Expansions detection - Githubissues

gymreklab / GangSTR

A tool for profiling long STRs from short reads

GNU General Public License v2.0

80 stars 16 forks source link

Expansions detection #95

Closed leorebensabath closed 3 years ago

leorebensabath commented 3 years ago

Hi GangSTR team,

I want to use GangSTR to detect repeat expansions and I have a few questions.

Is there a way to output a vcf file with only the STRs with ALT allele different from the reference ?
Also I have been trying to use the --str-info flag to be able to identify expansions with DumpSTR. I used a very basic file for a first attempt, this unique line :

chr4 3074877 3074933 100

But when I run GangSTR, I get this warning : WARNING: Unknown STR info column detected... 100 And in the output vcf file, the 3 values of the QEXP field are -1, even at the location of the str-info file. Could you tell me why my formatting of the str-info file is wrong?
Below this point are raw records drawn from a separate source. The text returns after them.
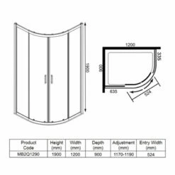 Merlyn MBOX 2 Door Quadrant Shower Enclosure 1200 X 900mm – MB2Q1290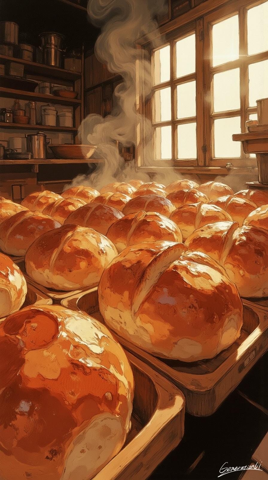 湯気を立てるパンたちを照らす。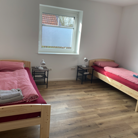 Wohnung 5 – 1 DZ, 2 Vierbettzimmer, 2 Bäder mit Dusche/ WC, große Küche und großer Wohnbereich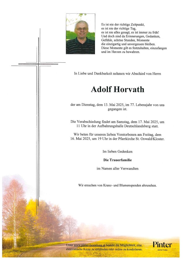 geboren am 13. Januar 1949 in Sallegg gestorben am 13. Mai 2025 in Groß St. Florian
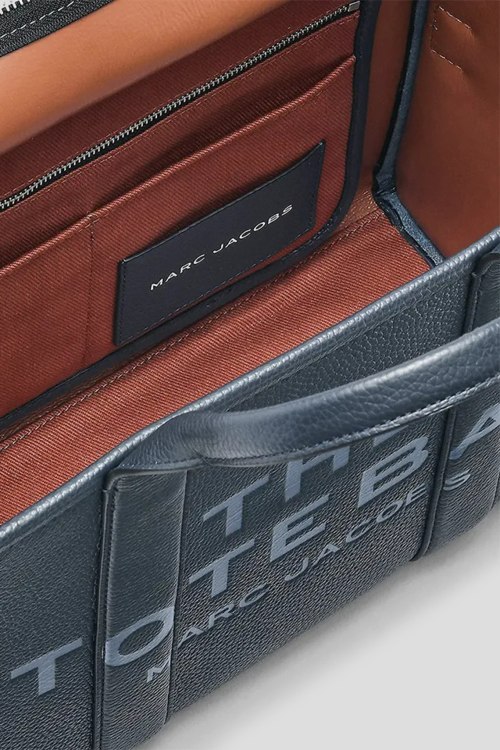 Детали: Женская темно-синяя кожаная сумка-тоут The Leather Medium Tote Bag от Marc Jacobs (Марк Джейкобс). Модель из зернистой кожи, тиснение логотипа, серебристая фурнитура, две круглые ручки, съемный плечевой ремень, застежка-молния, одно отделение. Размеры: 34 x 15 х 27 см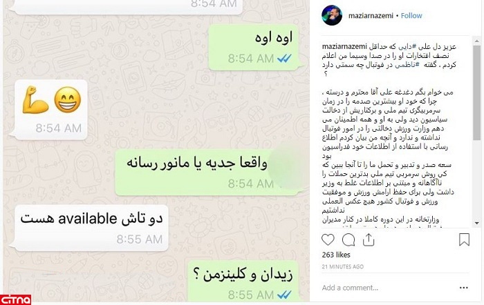 مازیار ناظمی جواب علی دایی را در اینستاگرام داد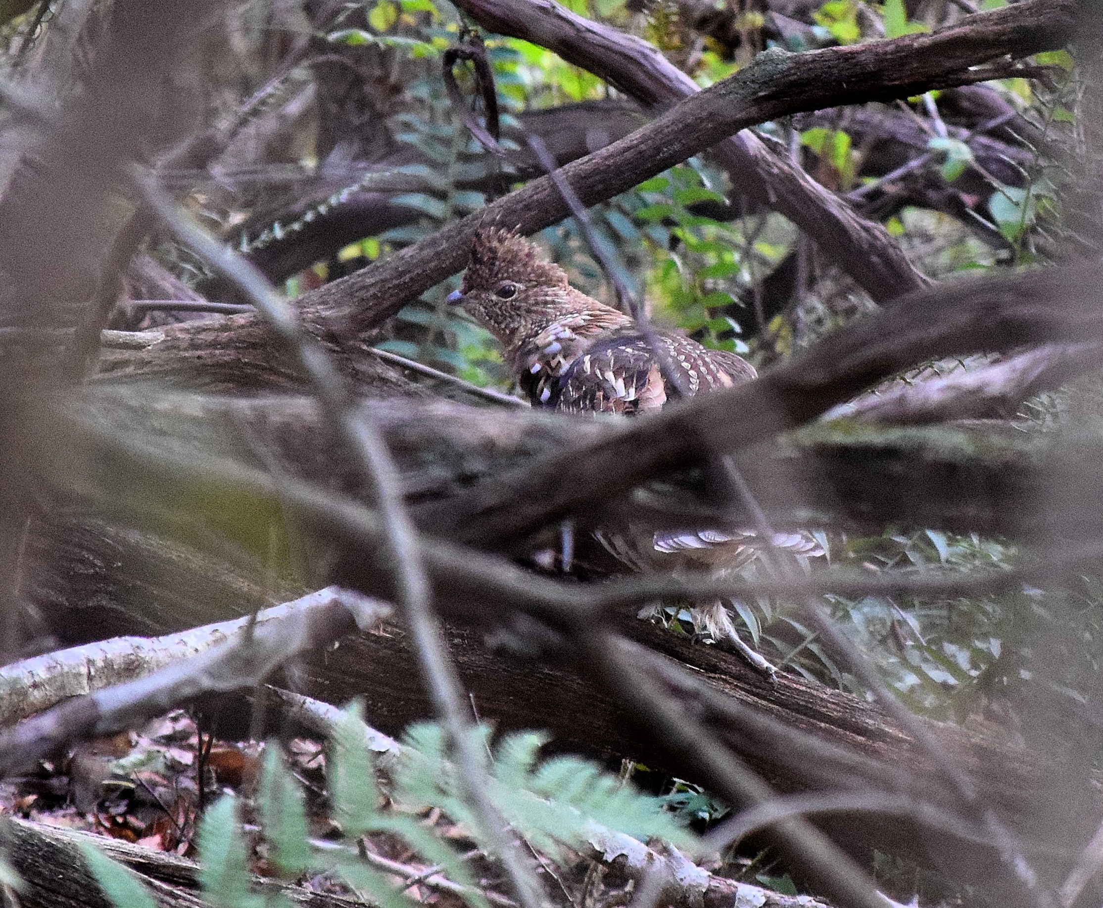I had one great experience this day as I was heading back to the jeep. I heard some rustling of leaves only to see a Ruffed Grouse sneaking along. I managed about six photos, but most were blurry due to all the limbs and vegetation. However, I managed to get two decent shots.

In the str-info file, what threshold would you advise to use compared to the reference STR length at each location, given that I want to do a global scanning of the genome and not look for one specific pathogenic location ?

Thanks !

nmmsv commented 3 years ago

Hello, I'll try to answer your questions one by one:

Currently GangSTR does not produce that kind of output. You need a downstream script/command to make that specific output.
Does the strinfo file contain a header? The header format is shown here: https://github.com/gymreklab/GangSTR#--str-info
The threshold highly depends on your application. For example, in a case-control study, you may want to use the maximum allele length of controls as a threshold. If you want to only study expansions that are longer than short read length (to study platform limitations due to short reads or something similar) you can use read length as a threshold.
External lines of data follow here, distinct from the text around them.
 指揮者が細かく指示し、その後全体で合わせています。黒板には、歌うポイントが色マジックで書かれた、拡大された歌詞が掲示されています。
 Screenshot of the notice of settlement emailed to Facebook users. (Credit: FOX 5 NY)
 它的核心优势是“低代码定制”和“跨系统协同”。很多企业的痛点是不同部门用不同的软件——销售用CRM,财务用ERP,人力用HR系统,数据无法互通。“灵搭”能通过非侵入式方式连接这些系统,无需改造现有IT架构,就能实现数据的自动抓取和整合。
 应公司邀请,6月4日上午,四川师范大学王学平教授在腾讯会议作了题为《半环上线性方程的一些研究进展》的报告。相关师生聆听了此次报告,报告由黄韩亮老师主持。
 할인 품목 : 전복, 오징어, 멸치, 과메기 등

Please let me know if you have additional questions! Best, Nima

leorebensabath commented 3 years ago

Thanks a lot this is very helpful ! Just another question about the running time, I have a whole genome bam file and GangSTR took about 1h30-2h to process chromosome 1. Is it a regular running time ? Is there any good practice to reduce it ?

nmmsv commented 3 years ago

I don't remember the running time on chr1 off the top of my head, but that sounds reasonable to me. For a full whole-genome bam we get ~25h running time on average on a single core. Unfortunately, we haven't yet implemented any parallelization into the method, but you can "manually" parallelize the run if you want. For whole-genome runs, you can use --chrom input flag to run each chromosome separately (with a separate GangSTR call), and then merge the results using mergeSTR. To get faster on a single chromosome, you can potentially split the input bed into smaller chunks and run each one separately, and merge. I know, it's not the most elegant solution :D Please let me know if you had any other questions!